State 1: If the attackers private chain is 1 longer than the public chain, mine on the private chain. With probability X, the attacker advances to state 2 (private chain 2 blocks ahread). With probability 1-X, the public network discovers a block, setting the system to state 0′.
The attacker's chain is 1 longer.
At state 0, with probability X, the attacker will be 1 block ahead and keep it unexposed. So the public network will work on the block continuously. When it comes to State 2, I doubt that the probability is still X, because the public network has been working all along, while the attacker starts after 1 block ahead and he/she may needs some time to collect transactions.

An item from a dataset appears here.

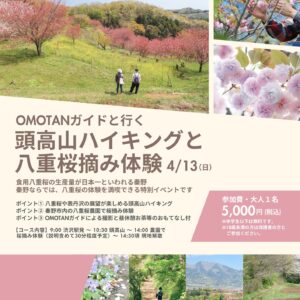 【2025年4月13日(日)開催】OMOTANガイドと行く 頭高山ハイキングと八重桜摘み体験表丹沢の魅力を知り尽くしたOMOTANガイドが、春爛漫の頭高山ハイキングと秦野市内の八重桜農園で桜摘み体験をできる特別イ […]

In State 0 the attacker and the honest miners are working on the same chain. The attacker is not 1 block ahead. That is the definition of State 0.
When you are in State 2, the attacker has already 2 blocks and holds them back. The probability that the adversary finds a new block is still X and the honest miners probability to find a new block is 1-X.
In case the adversary finds a new block, he will be 3 blocks in front and hold them back (State 3).
If the honest miners find a block they will be 1 block behind. What the adversary does is to release his 2 blocks. Since his chain is longer, we is going to win and receives the reward.